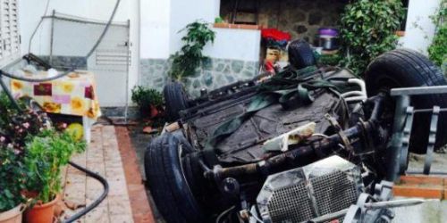 Si ribalta e finisce con l’auto nel cortile di una casa
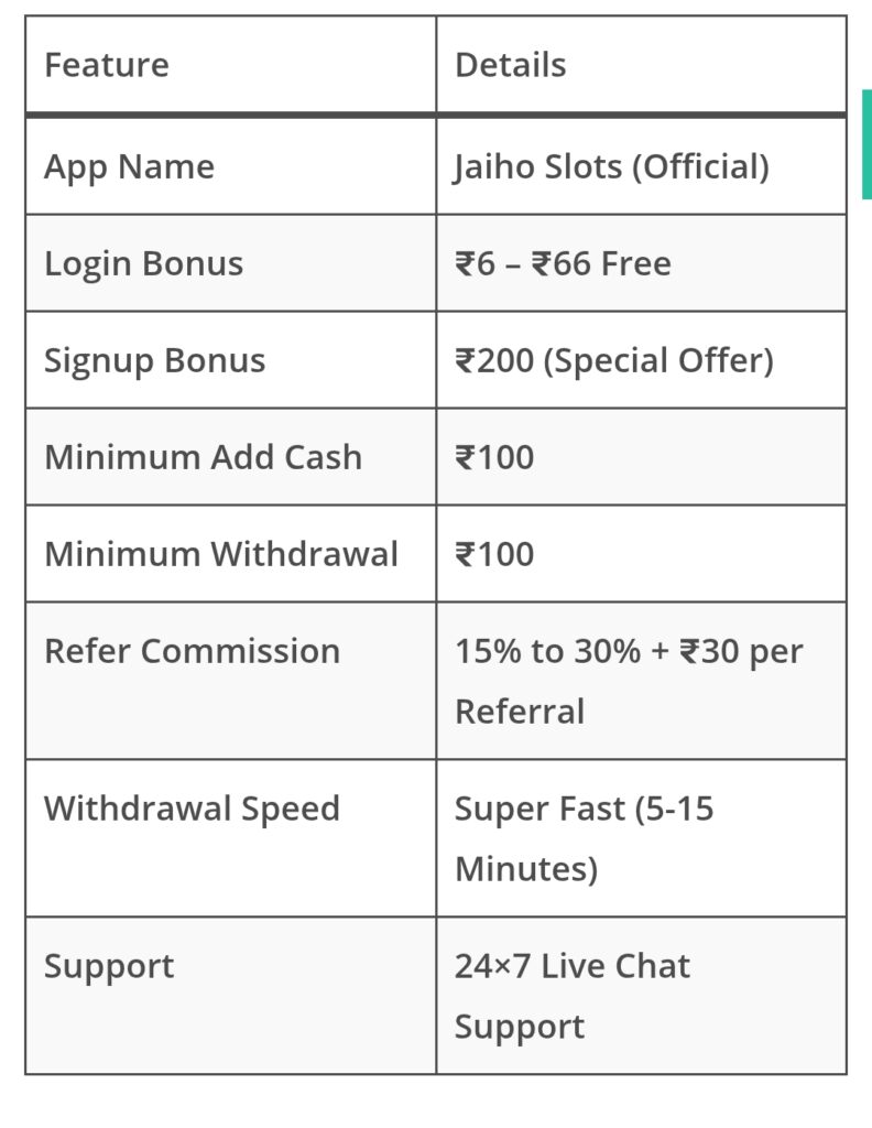 📊 Jaiho Slots Apk Overview (2026 Latest Version)
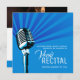 Graphic retro style chrome microphone graphics and vocal projecting lines with your own photo or photos on the reverse vocal recital invitations blue and white. Perfect to invite families and friends to voice, singing or open mic, musical or speaking recital event. Customize with your own event details. © Unique design and illustration by Sarah Trett for www.mylittleeden.com (back photo placeholder photo by Obie Fernandez on Unsplash).
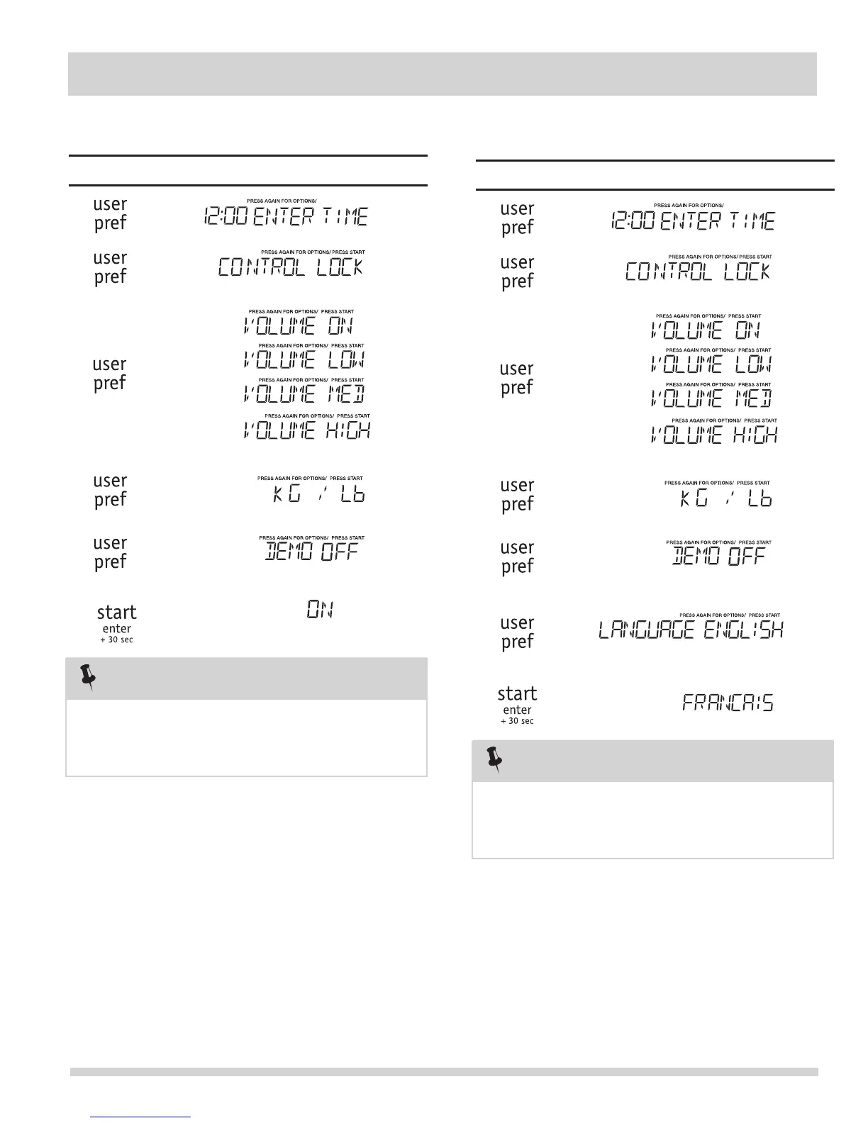 User Pref five times and then START.
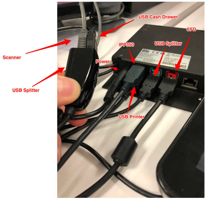 - If a USB Splitter is required, install the USB Splitter into the Expansion Board. Upon plugging in, take both cables (the USB from the USB Cash Drawer and the USB B end from the Printer to the Cash Drawer into the splitter).
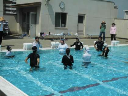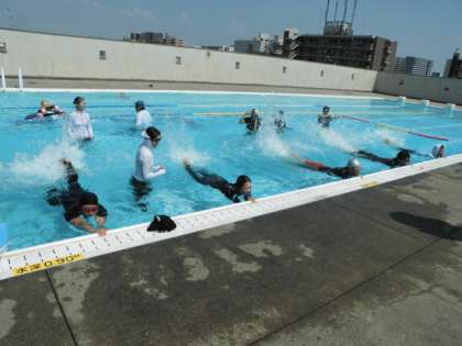実際に子どもの立場に立って学習すると、指導のポイントが見えてきて、有意義な研修会となりました。2学期の子どもへの水泳指導に活かしていきたいと思います。
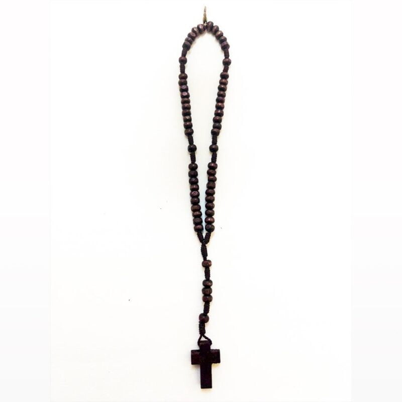 tp010 – Terço de pulso conta e cruz madeira (marrom escuro)
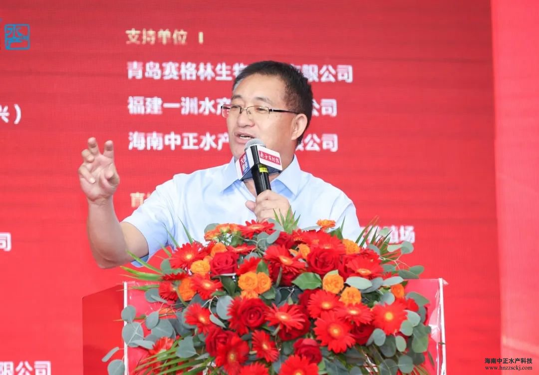 中正水产总经理、海南省对虾养殖协会会长王平主持“总裁沙龙论坛”环节。
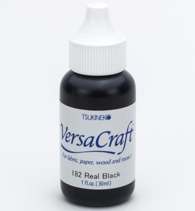 De VersaCraft Inker | Real Black is een inker (navulfles/re-inker) met watergedragen pigmentinkt, speciaal ontwikkeld voor gebruik op poreuze ondergronden zoals textiel en leer. Deze kleur is intens diepzwart en geeft stempelafdrukken een rijke, gelijkmatige dekking. Door de langzaam drogende formule is deze inkt ook zeer geschikt voor heat embossen, zelfs op gladde papiersoorten.
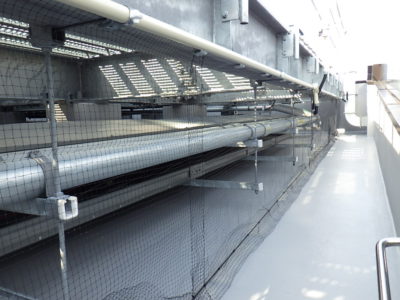 別府市内ホテル、ゼネコン現場にて防鳥ネット取付。
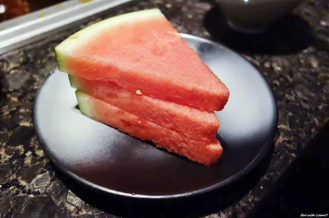 自助區除了醬料外,還有些小菜、水果和粥拿,都是放著隨客人自行取用的,補菜也很勤快,以免費供應的標準來看其實味道都還行,等火鍋上桌前墊胃打發時間倒也實用。
···
> WHAT THE EXERCISE ASKS:
Pictures are to be left out; the lines from the start of the records above through the line holding "(2026 Latest Version)" are to be returned exactly.

> REPLY TO THE EXERCISE:
 Si ribalta e finisce con l’auto nel cortile di una casa
 📊 Jaiho Slots Apk Overview (2026 Latest Version)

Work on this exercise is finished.